Unter unmöglichen Umständen lernen sich Quinn und Graham kennen. Beide hätten in dieser Situation nie gedacht, dass sie kaum ein Jahr später glücklich miteinander verheiratet sind. Ihre Liebe scheint ...

Inhalt

Unter unmöglichen Umständen lernen sich Quinn und Graham kennen. Beide hätten in dieser Situation nie gedacht, dass sie kaum ein Jahr später glücklich miteinander verheiratet sind. Ihre Liebe scheint perfekt.
Acht Jahre später jedoch wissen sowohl Quinn als auch Graham, dass es nicht unbedingt bedeutet, mit einer Person glücklich zu sein, nur weil man sie liebt. Etwas steht zwischen den beiden, das ihre Beziehung langsam aber sicher verenden lässt…

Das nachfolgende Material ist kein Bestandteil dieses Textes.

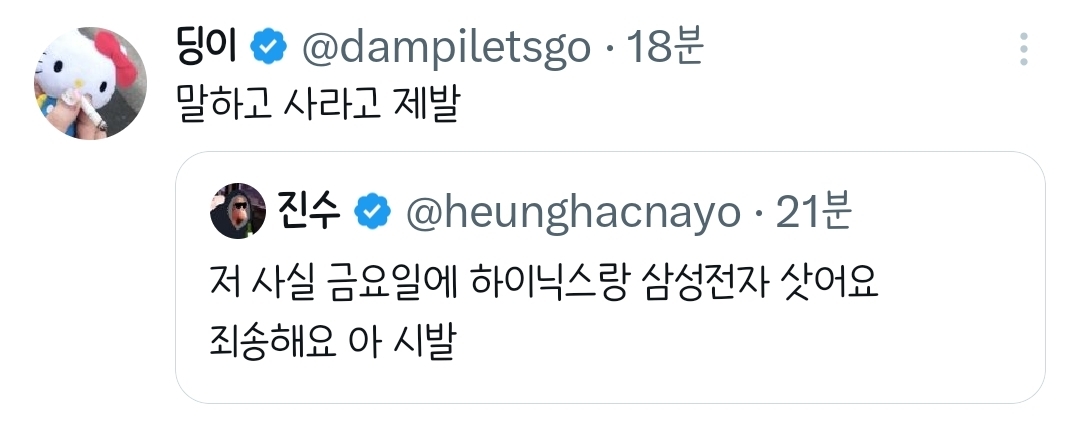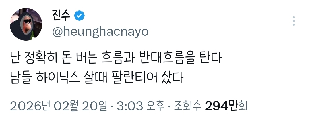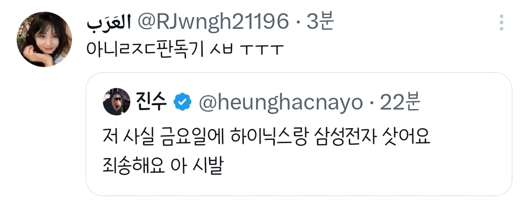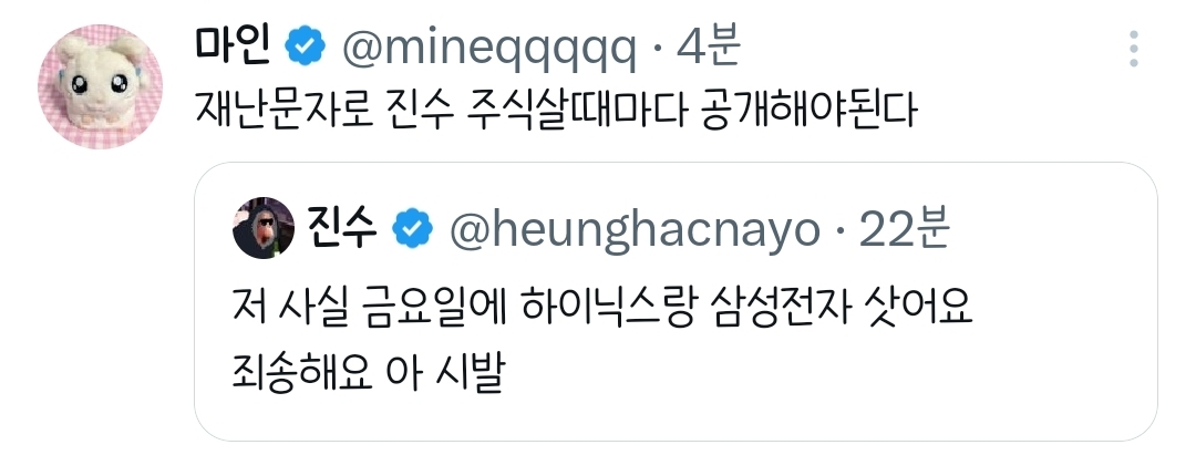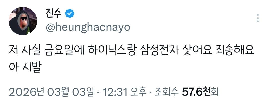 [흥미돋]저 사실 금요일에 하이닉스랑 삼성전자 삿어요.twt 작성자햐리뵤|작성시간26.03.03|조회수96,159 목록 댓글 257 글자크기 작게가 글자크기 크게가 출처: 여성시대 햐리뵤https://x.com/i/status/2028674512234144064X의 진수님(@heunghacnayo)저 사실 금요일에 하이닉스랑 삼성전자 삿어요 죄송해요 아 시발x.com진수의 전적 다음검색 현재 게시글 추가 기능 열기 북마크 공유하기 신고 센터로 신고 댓글 댓글 257 댓글쓰기 답글쓰기 댓글 리스트 작성자리욜으 | 작성시간 26.03.03 아 진수 ㅠㅠㅜ 작성자((본인닉네임) | 작성시간 26.03.03 너때문이구나 진수야 작성자1000hours | 작성시간 26.03.03 진수 ㅋㅋㅋㅋㅋㅋㅋㅋㅋ 작성자구도훈 | 작성시간 26.03.04 아미친ㅋㅋㅋㅋㅋㅋ 작성자괄괄이영지 | 작성시간 26.03.04 진수야악!!! 댓글 전체보기
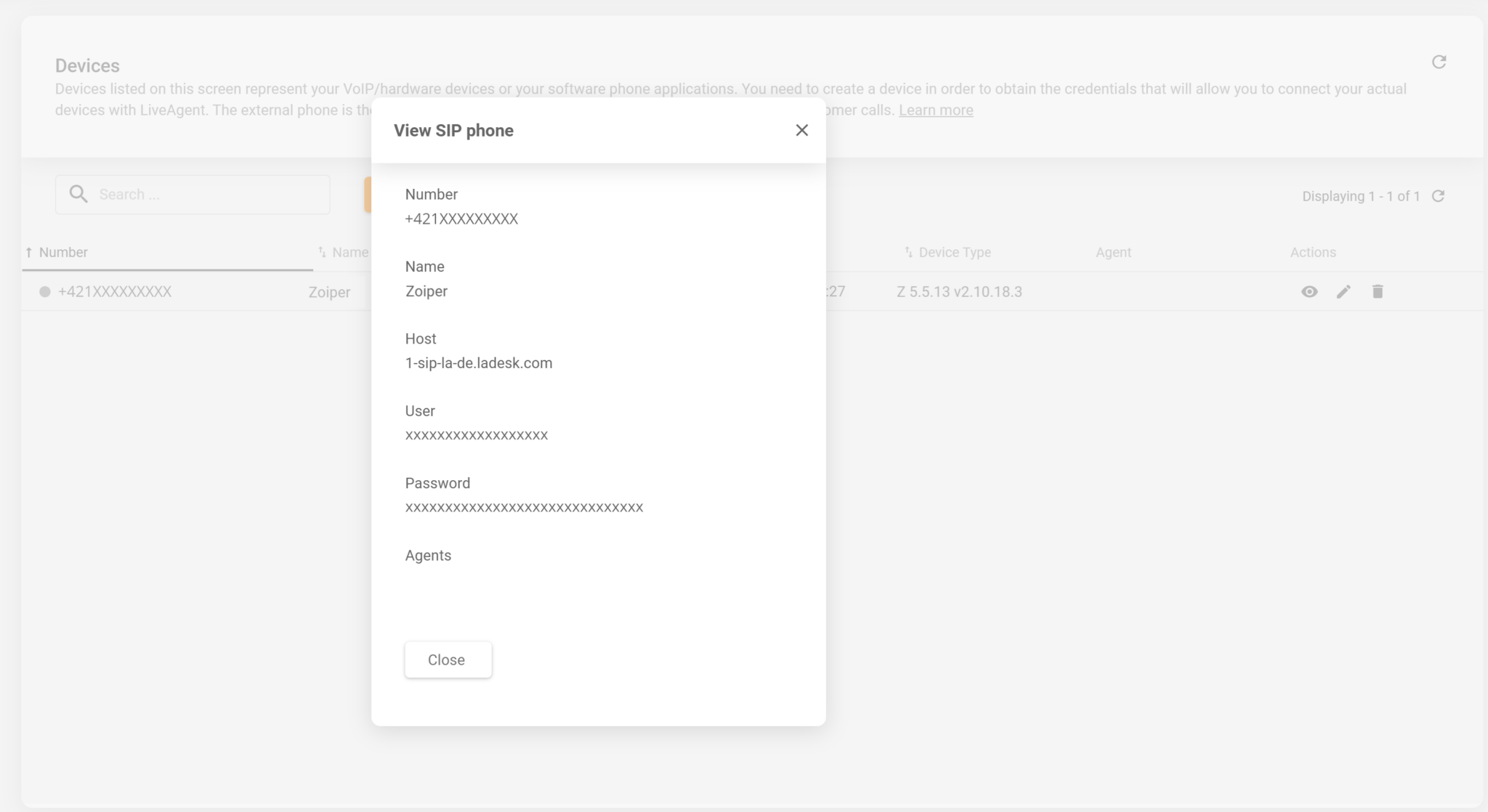 Once you have your VoIP number, you can simply Create a new device in LiveAgent that will use the number. Then with the details provided, you only have to put the details as a new account in Zoiper to finish the integration.
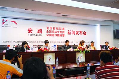 北京時間2007年9月21日,安踏(中國)有限公司冠名贊助2007-2008全國排球聯(lián)賽新聞發(fā)布會在國家體育總局二樓會議廳召開。出席發(fā)布會的有國家體育總局排球運動管理中心主任徐利、黨委書記張蓉芳,中央電視臺體育頻道副總監(jiān)楊斌,安踏董事局主席兼CEO丁志忠,中視體育推廣有限公司代表等。另外還有來自首都各大新聞媒體的三十余位記者到場參加了發(fā)布會。國家體育總局排球運動管理中心競賽部副主任呂雅君博士主持了發(fā)布會。
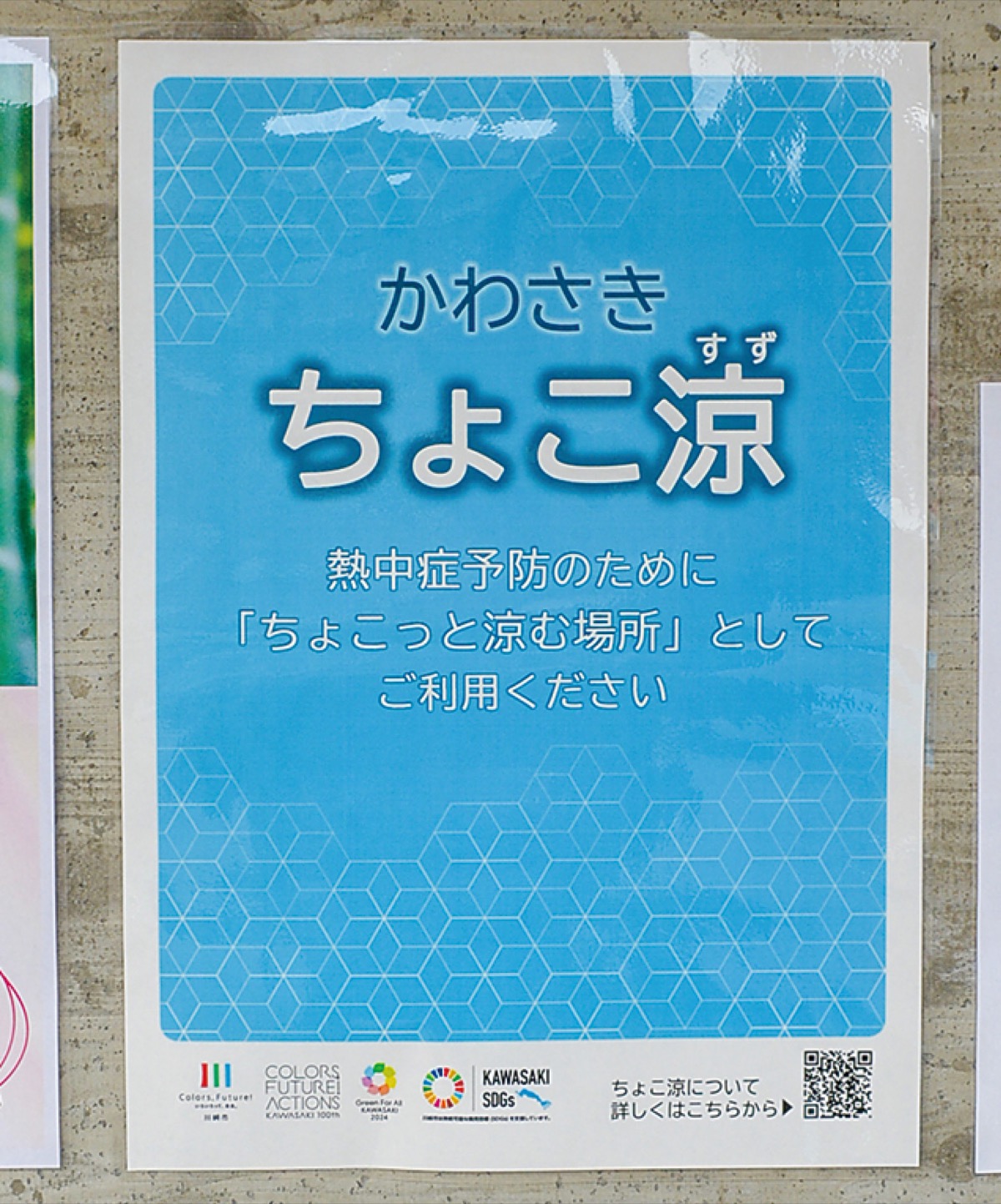 酷暑到来を前に、川崎市は外出時の熱中症予防のために区役所や図書館など194の公共施設を「一時的に暑さをしのぐ場所」として供用する「ちょこ涼(すず)」の運用を7月1日から始めた。昨年度の熱中症救急搬送者数の約3割が外出時だったことから、熱中症になる前に涼しい場所でのクールダウンを推奨するもので初の試み。9月末までの開庁時間であれば誰でも休憩利用できる。市は「ちょこ涼」に協力できる民間事業者も募集している。
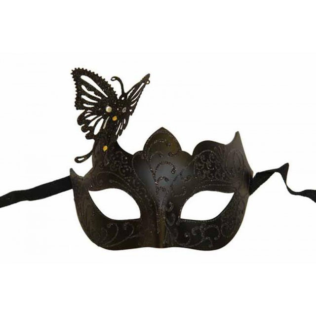 Looking for a mask that's both mysterious and charming? Our Black Venetian Mask with Metal Butterfly accent adds the perfect touch of intrigue to any costume or outfit. Don't just take our word for it, let this unique mask speak for itself (but in a very intriguing, butterfly-accented way).

Ich habe durch Instagram von frau.wortkonfetti das erste Mal von „Was perfekt war“ von Colleen Hoover gehört. Zunächst habe ich mich nicht weiter mit dem Buch beschäftigt. Ich mag zwar den Schreibstil der Autorin recht gerne, doch ihre Geschichten sind mir oftmals zu dramatisch, zu kitschig, einfach irgendwie zu viel. Jacquelin berichtete aber immer und immer wieder von dem Buch. Sie ließ sich nach beenden der Geschichte zu ihrem Ehegelöbnis inspirieren und schwärmte und schwärmte. Dann habe ich mir den Klappentext durchgelesen und mir ist sofort ein Gedanke in den Kopf geschossen. Ich hatte das dumpfe Gefühl zu wissen, worum es in diesem Buch gehen wird und mein Herz hat einen Schlag ausgesetzt. Genau das, was in diesem Buch beschrieben wird, geschieht gerade in meinem nahen Umfeld. Genau das, was ich hinter der Geschichte vermutete, war Teil meiner Realität. Also bestellte ich das Buch doch vor und las es am Ende in weniger als 24 Stunden. Denn schon nach wenigen Seiten war eindeutig klar, dass meine Vermutung richtig war und das Thema, mit dem ich mich sowieso schon auseinandersetzen muss, hier eine große Rolle spielen würde.
Es wird weiter unten einen Spoilerteil geben, in dem ich das Thema nennen werde, um das sich das Buch dreht. Ich möchte einfach noch etwas genauer darauf eingehen. Ich kennzeichne diese Stelle aber, damit ihr nicht ausversehen darüber stolpert.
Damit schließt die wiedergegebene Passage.